Subject
The laboratory is divided into five main areas:
Structural and functional studies on Brucella environmental sensing proteins

The biosynthetic pathway of riboflavin as target for development of antibiotics

Immunological and protein engineering studies on Brucella lumazine synthase (BLS)

Molecular basis of the red/far red light pathway involved in bacterial infection

Generation of nanobodies as a tool for the crystallization of complex macromolecules of therapeutic interest and for development of diagnostic techniques.

Approach
Our conceptual approach is to identify protein targets involved in bacterial sensory or metabolic pathways important in the infectious process and to describe their function both at the atomic level and at the host-microbe interaction scale. For that aim, we functionally characterize these targets in vitro and in vivo. For in vitro characterizations, we utilize X-ray crystallography, NMR spectroscopy, Cryo-EM and a wide variety of biophysical, biochemical and cellular techniques and methods (i.e. SEC-HPLC-SLS, DLS, CD/fluorescence/UV-Vis absorption spectroscopy, FACS, primary cellular culture, ELISA, mAbs, Western Blot, fluorescence and confocal microscopy, radioactive and non-radioactive phosphorylation assays, radioactive vitamin transport assays, enzyme kinetics studies, site directed mutagenesis for functionality evaluation in proteins, etc).
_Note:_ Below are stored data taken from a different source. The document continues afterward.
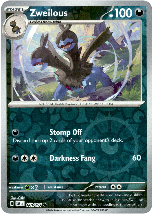 Karta Pokémon – Paldea Evolved – 139/193 – Zweilous (Reverse Holo)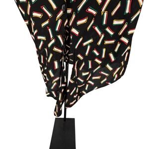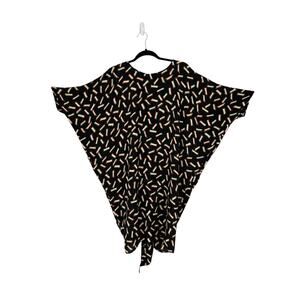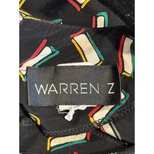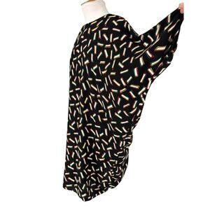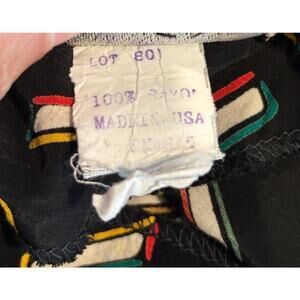 Vintage 80s Warren Z Dress Dolman Back Button Geometric Pattern Tie Up Disco Med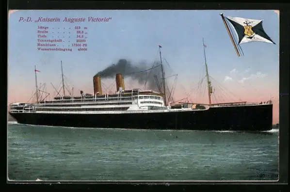 AK Schnelldampfer Kaiserin Auguste Victoria heizt die Kessel an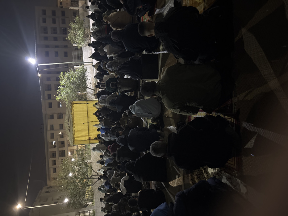The image captures an outdoor nocturnal gathering of approximately one hundred individuals, predominantly adults, seated on the ground in a public space in Fez, Morocco. The participants are uniformly oriented towards a central, yellow tent-like canopy structure situated at the front, which bears white Arabic script translating to "Mosque of the People of God." A microphone stand is visible in front of this canopy. Many individuals are seated on what appear to be prayer mats or blankets spread across the ground. The scene is illuminated by overhead streetlights, casting defined shadows. In the background, multi-story residential buildings are visible, interspersed with small trees and a low fence. Individuals are dressed in various modest garments, including hooded jackets and traditional attire, suggesting cooler evening temperatures.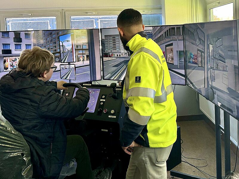 Praktisch ging es auch im Bereich Logistik zu: hier konnten die Jugendlichen den Beruf Berufskraftfahrer:in kennenlernen, indem sie einen LKW-Simulator (eine Leihgabe der Ausbildungsinitiative des Berufskraftfahrer e.V.) ausprobierten. Einblicke in den „echten“ Logistikalltag gab es außerdem bei einer Lagerbesichtigung der im Industriepark ansässigen Firma Sanofi.

For bacterial in vivo characterization, we evaluate the biological relevance of our targets in the host-microbe interaction: we use genome site directed mutagenesis, homologous and heterologous complementation with wild-type and mutant versions of the proteins, classical microbiological determination assays (i.e. biofilm formation, EPS content, flagellar apparatus production, motility, survival to stresses, growth, etc). For immunological studies, we use different animal and cellular models (i.e. knock-out mice, OT-1 and OT-2 transgenic mice, adoptive transfer of immunity, models of protective and therapeutic vaccine against tumors, in vivo analysis of antigen persistence in cell and tissues). We work with different bacterial models:

Mammal pathogens: Brucella and Mycobacterium spp.
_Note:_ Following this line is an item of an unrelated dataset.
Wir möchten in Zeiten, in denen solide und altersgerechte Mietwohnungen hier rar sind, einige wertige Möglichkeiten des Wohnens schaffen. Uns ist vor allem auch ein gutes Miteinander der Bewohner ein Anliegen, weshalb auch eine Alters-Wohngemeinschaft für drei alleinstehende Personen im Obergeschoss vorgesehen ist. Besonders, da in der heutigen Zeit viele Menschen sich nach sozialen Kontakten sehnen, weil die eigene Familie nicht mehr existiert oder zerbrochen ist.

Plant symbiont: Rhizobium leguminosarum

Plant pathogen: Xanthomonas campestris

Advances
We have set up a general pipeline to obtain nanobodies against different immunogens, particularly those of clinical relevance. The strategy includes the use of phage display technology on ELISA and nickel coated plates that allows to spatially orient the target protein. As a result, after two or three rounds of selection, specific nanobodies are obtained and expressed in the periplasmic space for biophysical applications.